Spam : Spam, canned meat, was released in 1937. But spam, junk mail, or email gets its name from Monty Python’s sketch, where the word “spam” is repeated over and over again to drown out the conversation. Calling duplicate / unwanted messages “spam” seems to have come from early chat programs in use in the 1970s, but the first documented use was in the 1990s. Someone has archived a discussion of the origin of the word “spam” in a multiplayer dungeon. The first documented commercial spam message was an advertisement for a new computer model from Digital Equipment Corporation. It was sent over the ARPANET in 1978 and 393 people were spammed in the incident.

Friend : The use of “friend” as a verb dates back to the early 13th century , but it meant something like “act like a friend” rather than “befriend someone,” and its use fell out of fashion. The modern meaning is more like “being friends” and goes back to early social networks like MySpace, where Tom was friends with everyone.

Text : The use of the word “text” as a verb is so widespread that it is hard to believe that it has been widely used since around the early 2000s. The oldest form of “texting” (meaning “to send a text message”) on the Internet was in 1998, although “text”, meaning “to write, write, or type by hand, in either capital or capital letters” dates back to the 1500s. years.
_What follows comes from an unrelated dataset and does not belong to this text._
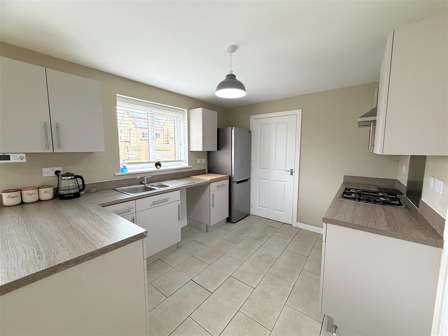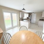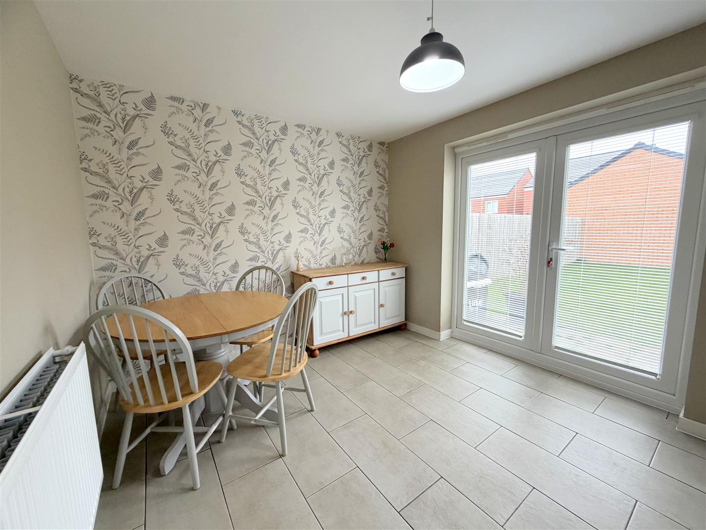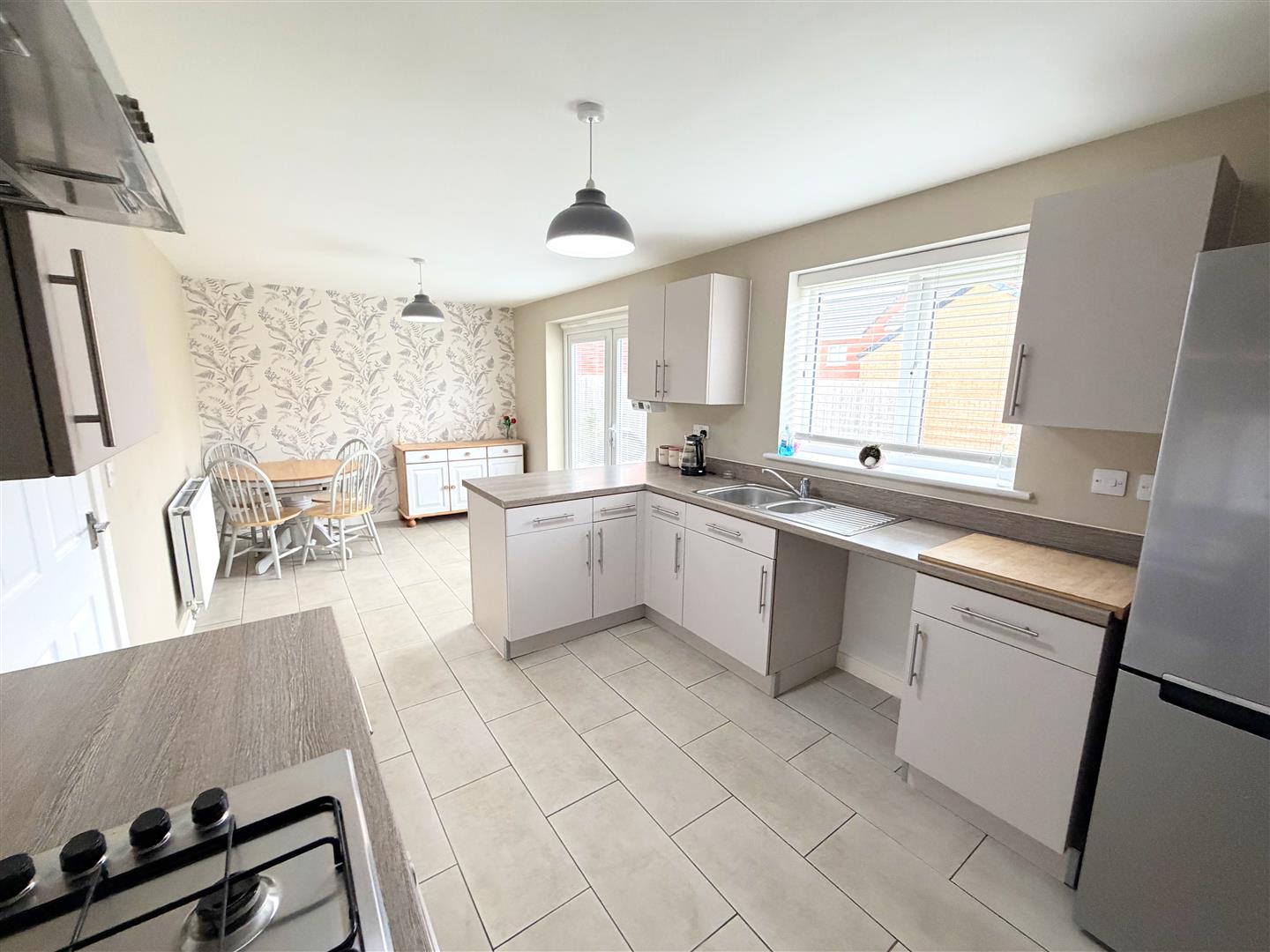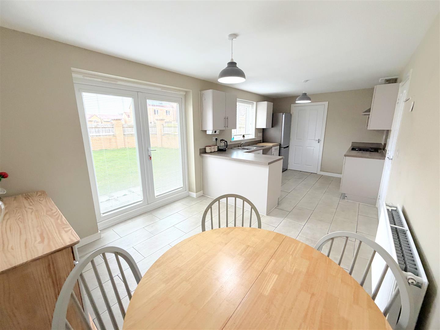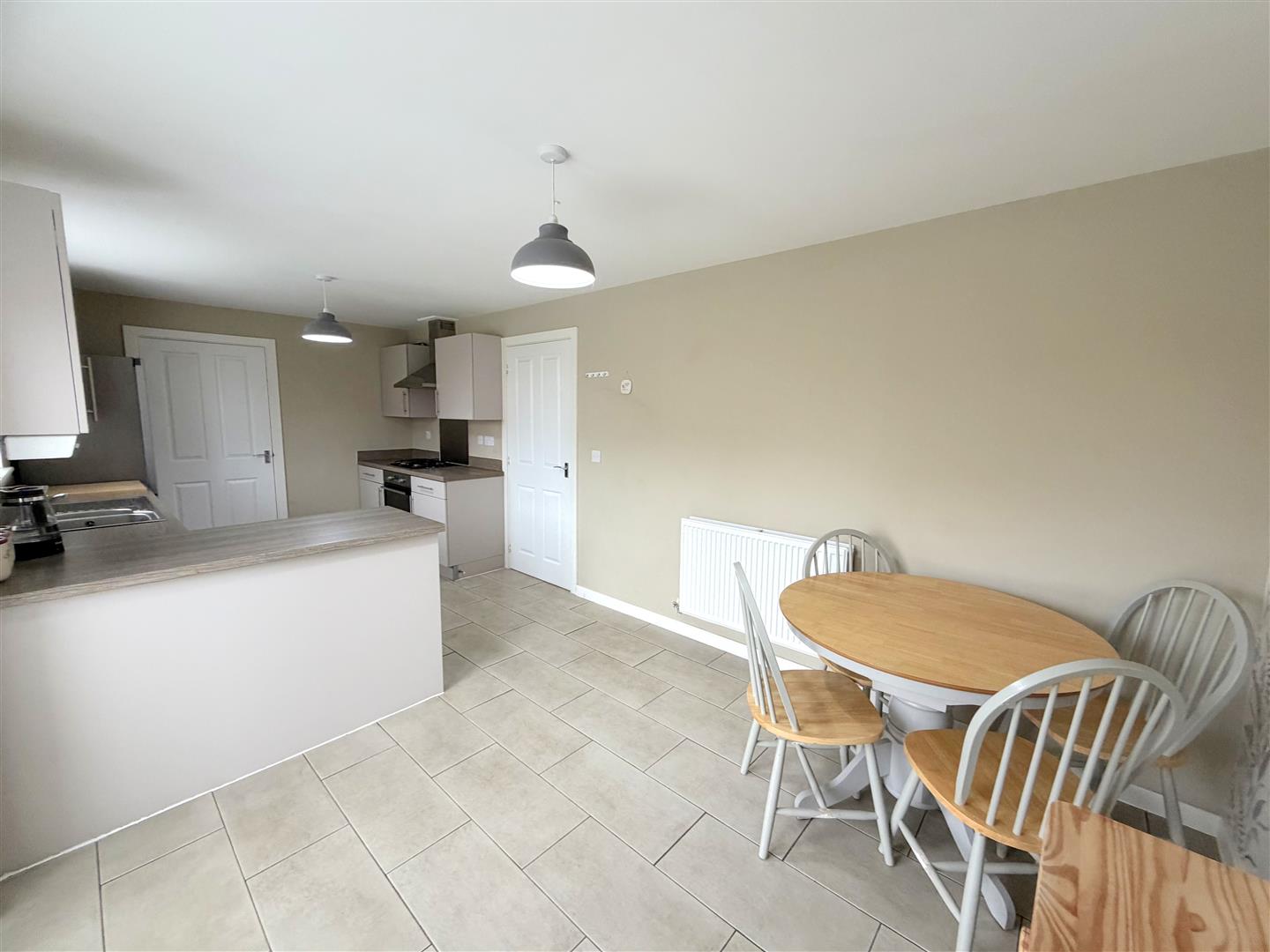 Incorporating a range of modern fitted wall and base units with complementary work surface over, integrated oven and integrated hob with cooker hood over. Space for a fridge/freezer, 1.5 sink unit with mixer tap, double glazed window to rear, double glazed french doors to rear, radiator and tiled floor.

Gamer-specific words and their definitions

Nerf : When developers change the configuration of a game item to make it less powerful, it is called “weakened”. Example: “I can’t believe they weakened Luigi in Super Smash Bros. 4 ! ” Styrofoam football.

Buff : The opposite of a nerf. Buffing is when developers make a game element more powerful. It is also used in PRG and MMORPGS to describe the temporary boost given by the player.

Camping : Find a vantage point in a shooter and just stay in it. Whether you think this is a legitimate tactic depends on whether you are a camper or not.

Easter Egg Hidden Content In the late 1970s, an Atari programmer included his name in the secret section of the Adventure! and didn’t tell anyone. One Atari executive called it the “Easter egg,” and the name stuck. Now he can refer to something hidden in any media.

Grind : Performing repetitive tasks in the game to gain some advantage (eventually).

Mod : Brawl a game by fans or amateur developers. It is short for modification.

Smurf : A higher level player makes a lower level alt to thwart matchmaking functions and overwhelm newbies. It dates back to the 1990s, and a couple of Warcraft II players chose “PapaSmurf” and “Smurfette” for their low-level characters.